Castle had also started a book division, and had previously been in negotiation to publish Deborah Curtis’s Joy Division memoir “Touching From A Distance”, and I’d considered using this photograph for that book jacket (which was eventually published by Faber). I am glad it ended up being reproduced on a Sabbath LP. Funnily enough, I read one review of this release, in Q magazine I believe, where they reckoned Sabbath had been an influence on Joy Division, so I appreciated that at last they were being critically appreciated and better understood, by the mainstream at least.

Images

  • This image is the sticker that was on the outside of the jewel case when the CD was bought originally:
  • The three images here are the one side of the 1996 Castle Remaster Series insert, the CD back cover art, and finally some additional art from the booklet and the cemetery photo shoot.


  • The following is a scan of the cassette tape cover of this release.

Alternate Version

  • There is another version of this compilation with a separate track listing and different cover art that is dated 1993.  In researching this discography page, I decided to look into that alternate version.   Hugh Gilmour tells me this earlier version was slated for release in 1993/1994, but was pulled at the last minute, and should be considered quite rare.  Hugh also tells me that he did all the artwork for that version, except the cover, which was done by Brian Burrows.
  • The alternate version had a track listing spanning all the way to The Eternal Idol album, but skipped the Seventh Star & Technical Ecstasy albums.
  • The alternate version was to be from Castle Communications, and had a catalogue number of RAD-8602-2 on CD, and RAD-8602-4 on cassette.

Alternate Version Track Listing

  1. Black Sabbath
  2. Paranoid
  3. Iron Man
  4. Sweet Leaf
  5. Orchid
  6. Tomorrow’s Dream
  7. Laguna Sunrise
  8. Sabbath Bloody Sabbath
  9. Am I Going Insane (Radio)
  10. Never Say Die
  11. Hard Road
  12. Die Young
  13. The Mob Rules
  14. Turn Up The Night
  15. Born Again
  16. The Shining

Alternate Version Artwork

Comments

  1. Another pointless greatest hits.

  2. The golden years of Sabbath as far as I’m concerned were from 1968-1985. In this time period, everything covered under Black Box was done, and most of what’s in The Rules Of Hell was also done, and Born Again on top of that, with tons and tons of great live shows and not a ridiculous amount of linup changes.

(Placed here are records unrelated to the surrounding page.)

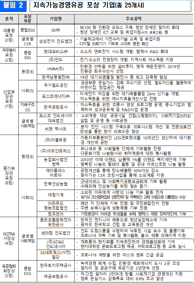 ▲ 지속가능경영 유공 포상 기업 25개사 주요 공적. [출처= 산업통상자원부] |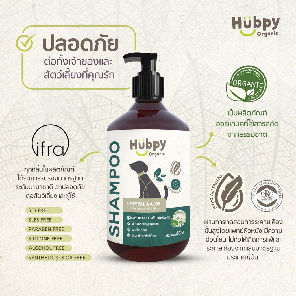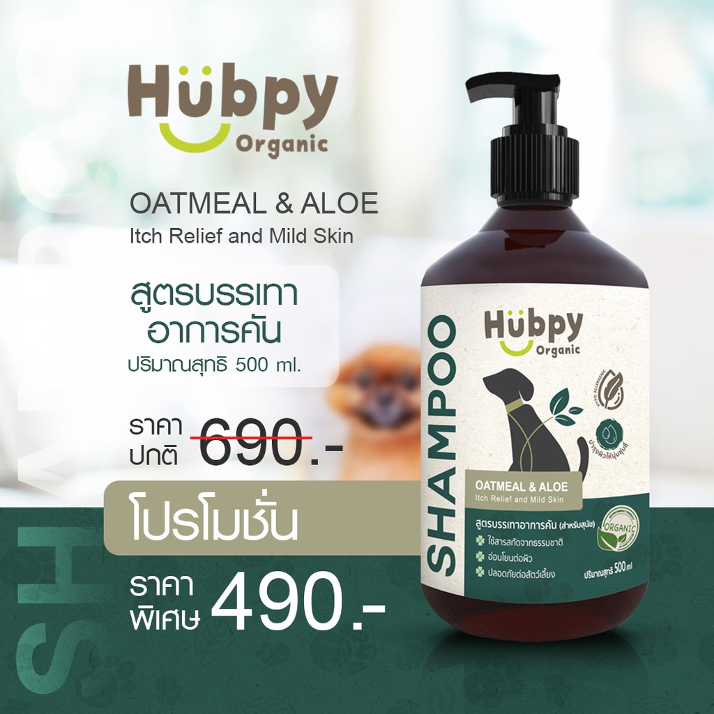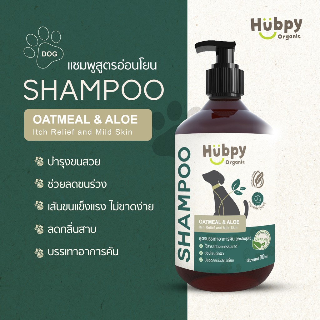 แชมพูสุนัข ออร์แกนิค อ่อนโยน Dog Shampoo 𝐎𝐀𝐓𝐌𝐄𝐀𝐋 & 𝐀𝐋𝐎𝐄 : Itch Relief and Mild Skin สูตรบรรเทาอาการคัน 500ml Hubpy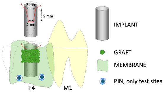 A schematic illustration of the experimental design. The black dashed lines indicate the profile of the alveoli, while the red line outlines the buccal defect. P4 refers to the fourth premolar and M1 to the first molar. The implant was placed in the distal alveolus of P4. Pins were used only at the test sites.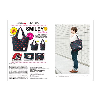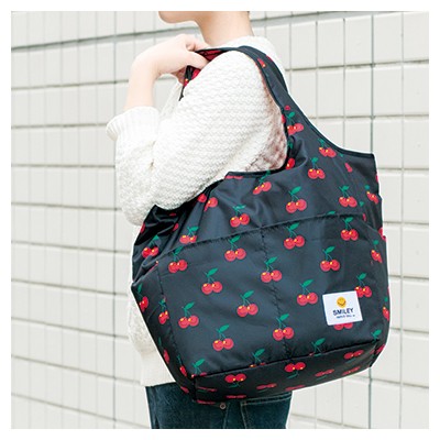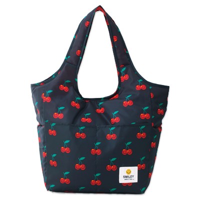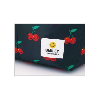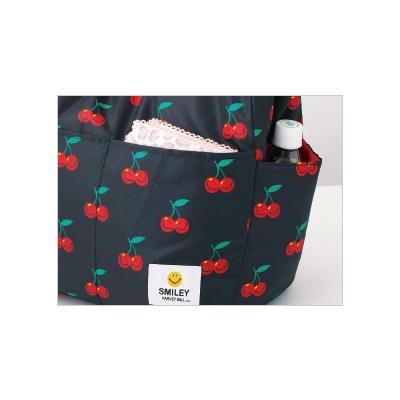 世界中で愛されつづける、スマイリー(ニコちゃんマーク)生誕50周年を記念して、ふかふかの中綿入り、たっぷり収納のビッグバッグが登場しました!チェリー柄のキュートなデザイン、よく見るとチェリーがスマイリー・フェイスになっています。外ポケットが5つに内ポケットが3つも付いて、荷物が多い人にもうれしい多機能バッグです。中綿入りなので、壊れやすいものを入れても衝撃をやわらげてくれます。ちょっとした小旅行にもおすすめ!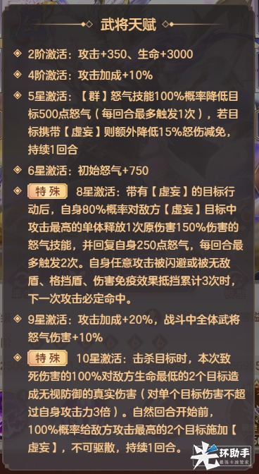 搭配思路上,幻吕布可以凭借【虚妄】状态能给敌方主C武将锁定点杀追击效果,幻吕布升到8星后,发挥出高伤追击特色,带【虚妄】目标行动后幻吕布能给【虚妄】目标再进行一次怒气技能追击,所以一回合幻吕布能对主C造成2次技能伤害,升到10星后的完全体幻吕布开场会给2个攻击最高的目标挂【虚妄】,一回合内就能连续对敌方主C攻击3次,还会溅射伤害,凭借幻吕布的高额伤害,2回合内就能秒掉敌方主C武将,可以说幻吕布对非常克目前的单核袁绍,黄忠,司马懿阵容。

Counting versions of Sabbath that were around for a significant time, we have versions MK1-5 here. MK 1 and MK 3 are the ones that did the most work that weren’t Tony’s solo band in everything but name. Now I do like some of the Tony Martin work that isn’t Cross Purposes (TYR and at least some of Forbidden), and 7th Star is a great album, but, damn it, you need at least 2 original members to have it be Sabbath. On the main version of this compilation, you have that here from start to finish. And that for me is what’s most important. If I had to pick two Sabbath records to be my favorites, I’d pick the demo version of Born Again, and Live Evil.